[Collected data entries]
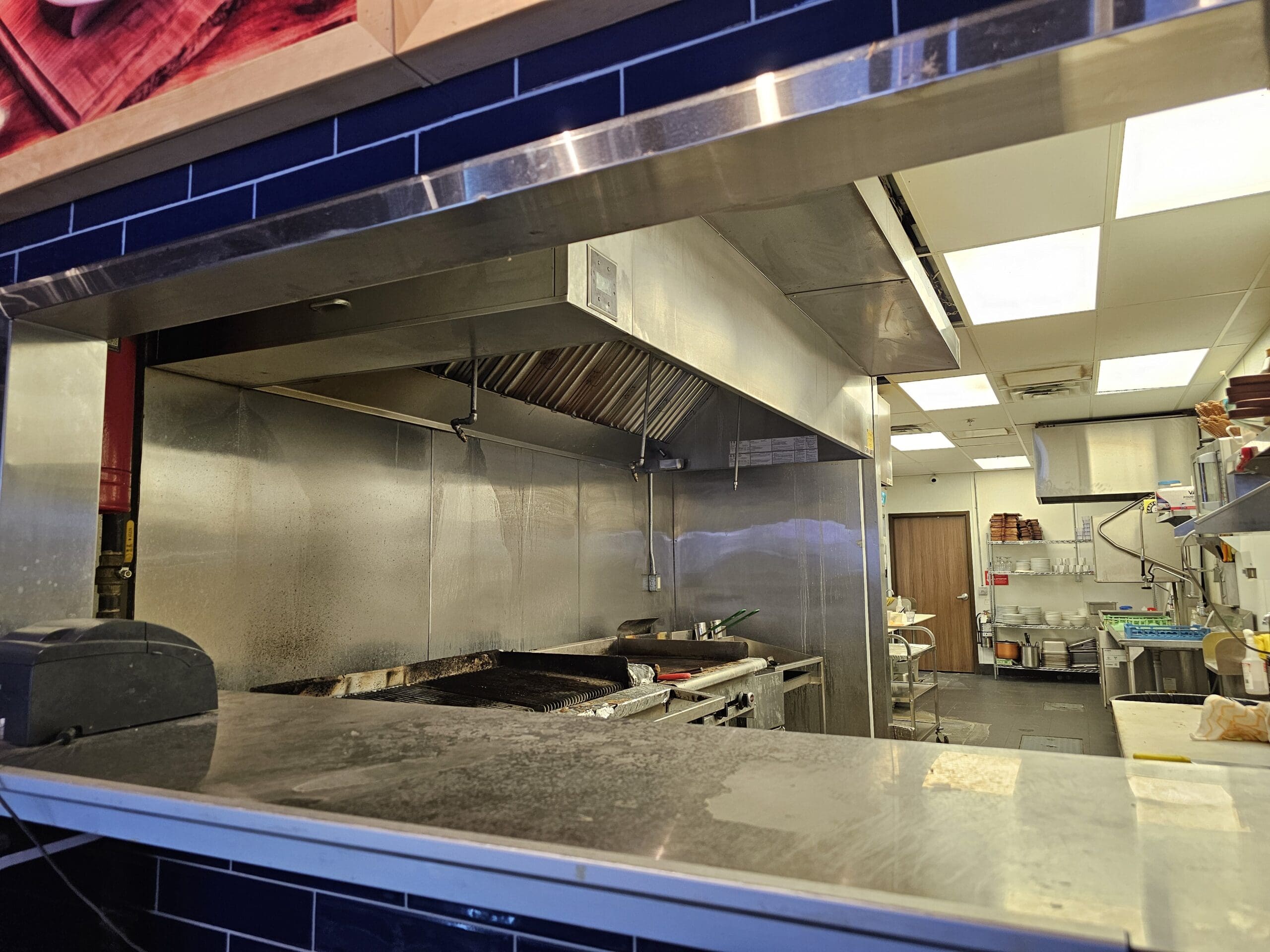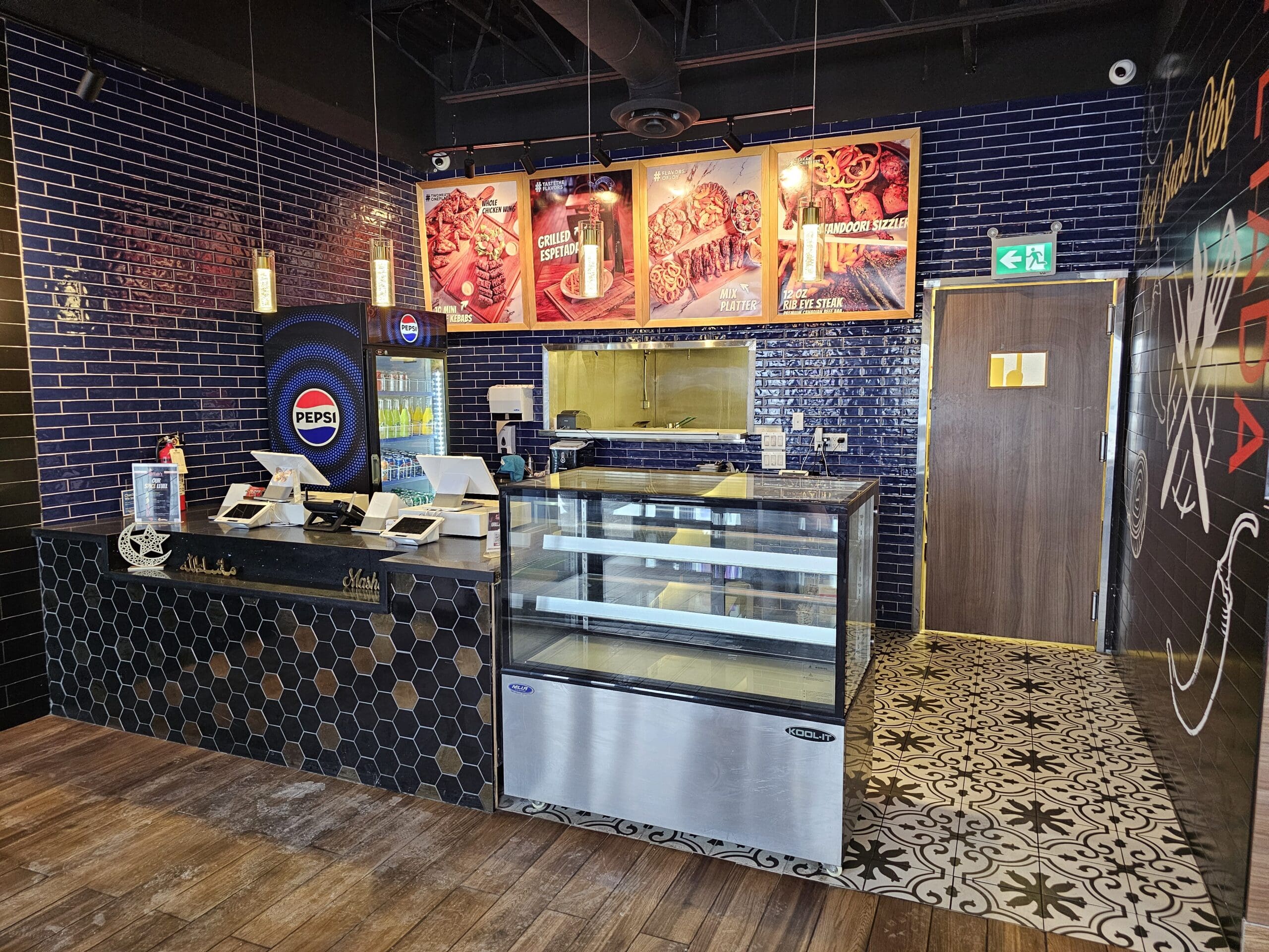 The property is fully equipped for efficient restaurant operations, featuring a 10 ft commercial hood, 2 walk-in coolers/freezers (1 + 1), and ample space for kitchen prep and storage. Currently operating as a popular halal concept, the location is also ideal for rebranding into a different concept, cuisine, or franchise, offering flexibility to new operators.
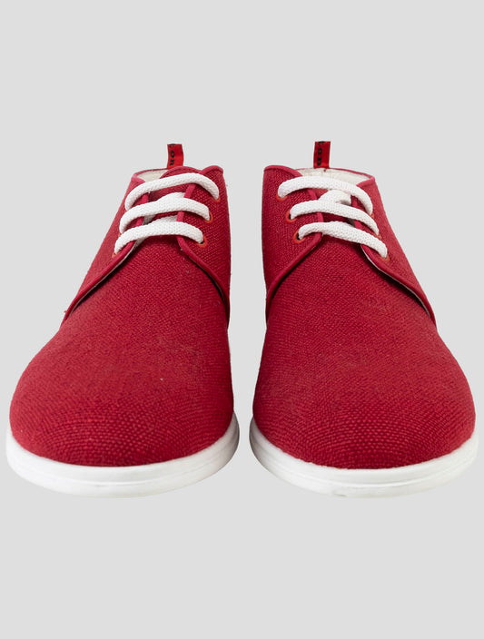 Kiton Red Viscose Linen Sneakers - Handmade Italian Luxury
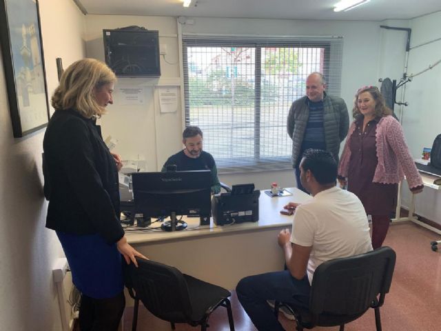 La concejala de Agenda Urbana y Gobierno Abierto, Mercedes Bernabé, ha visitado esta mañana las oficinas de Atención Ciudadana de Sangonera la Seca y Sangonera la Verde, localidades en las que se atiende a una población de 16.921 personas, que gestionaron un total de 5.121 trámites el pasado año entre las dos.
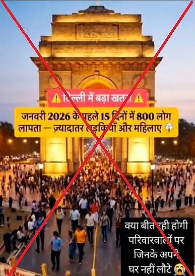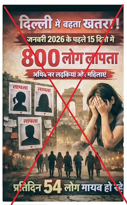 सोशल मीडिया पर बड़े पैमाने पर शेयर हो रहे सोशल मीडिया पोस्ट और न्यूज रिपोर्ट्स में ये दावा किया जा रहा है कि दिल्ली पुलिस ने बढ़ते गुमशुदगी के मामलों को लेकर अलर्ट जारी किया है. पोस्ट में बताया गया है कि जनवरी 2026 के पहले 15 दिनों में 800 से ज्यादा गुमशुदगी के मामले दर्ज हुए हैं, जो कि एक चौंकाने वाला आंकड़ा है.
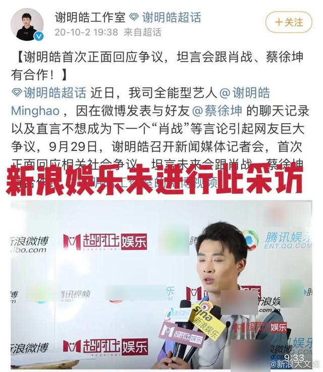 作为一个并不太知名的十八线艺人,谢明皓曾做过碰瓷肖战、蔡徐坤的事,也还曾自己给自己P图接受新浪娱乐专访却被对方辟谣的情况。

» Work required: Word for word, restate the lines from the line with "सोशल मीडिया पर" through the last line of the entries, and nothing beyond them. Omit pictures.

» Answer space:
 सोशल मीडिया पर बड़े पैमाने पर शेयर हो रहे सोशल मीडिया पोस्ट और न्यूज रिपोर्ट्स में ये दावा किया जा रहा है कि दिल्ली पुलिस ने बढ़ते गुमशुदगी के मामलों को लेकर अलर्ट जारी किया है. पोस्ट में बताया गया है कि जनवरी 2026 के पहले 15 दिनों में 800 से ज्यादा गुमशुदगी के मामले दर्ज हुए हैं, जो कि एक चौंकाने वाला आंकड़ा है.
 作为一个并不太知名的十八线艺人,谢明皓曾做过碰瓷肖战、蔡徐坤的事,也还曾自己给自己P图接受新浪娱乐专访却被对方辟谣的情况。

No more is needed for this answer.